Mayank Ketkar

Posted on Feb 15

The Ghost in the Batch: How vLLM Silently Switches Algorithms

#vllm #machinelearning #gpu #determinism

You run Qwen3-VL on a single prompt. You record the output logprobs to full precision. Then you run the exact same prompt again, batched with 15 others. Same model, same weights, same GPU, same code. The logprobs are different.

Not catastrophically -- the top token usually agrees -- but the numbers have shifted at the seventh decimal place, and in an autoregressive loop, that hairline fracture propagates. By output position 8, 29% of your tokens have diverged.

You are not going crazy. vLLM silently changed the algorithm.

The Crime Scene

Setup: Qwen3-VL 2B on an NVIDIA H200. Identical prompts at BS=1 (one at a time) vs BS=16 (sixteen at once). VLLM_BATCH_INVARIANT=1 is enabled -- all GEMMs are deterministic via persistent Triton kernels. Yet:

Metric	BS=1 vs BS=16
Bitwise logprob match	6.1% (30/490)
Top-1 token match	78.6%
Semantic agreement	100%

The profiler gives the first clue: flash attention takes 5.15x longer per call in BS=16 (6.17ms vs 1.20ms). Same kernel name. Same call count (392). If it were the same algorithm processing more data, you'd expect it to scale with tokens -- not blow up 5x per call.

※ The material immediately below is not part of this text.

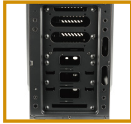
Dual front fan slots for super cooling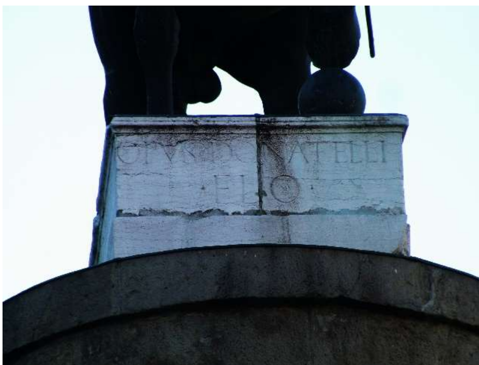
Fig. 8 Donatello, monument to Gattamelata. Padua, Piazza del Santo (post 1447-ante 1453).

pedestal of his statue of Gattamelata in Piazza del Santo of Padua, OPVS DONATELLI .FLO(RENTINI) (Work of Donatello the Florentine), datable to 1447-1453, exhibits fully-fledged Augustan-type capitals geometrically designed and complete with shading, a significant departure from the lettering previously used in monuments designed by him. 19

This is not a scaling problem. This is a different recipe.

What Attention Does (60 Seconds)

For each new token, attention looks back at every previous token, computes a relevance score for each, normalizes them (softmax), and takes a weighted average:

output = softmax(Q @ K^T / sqrt(d)) @ V

The critical observation: softmax involves summing over all previous tokens. If you have 640 tokens, that is 640 numbers being added. The order of that summation will matter shortly.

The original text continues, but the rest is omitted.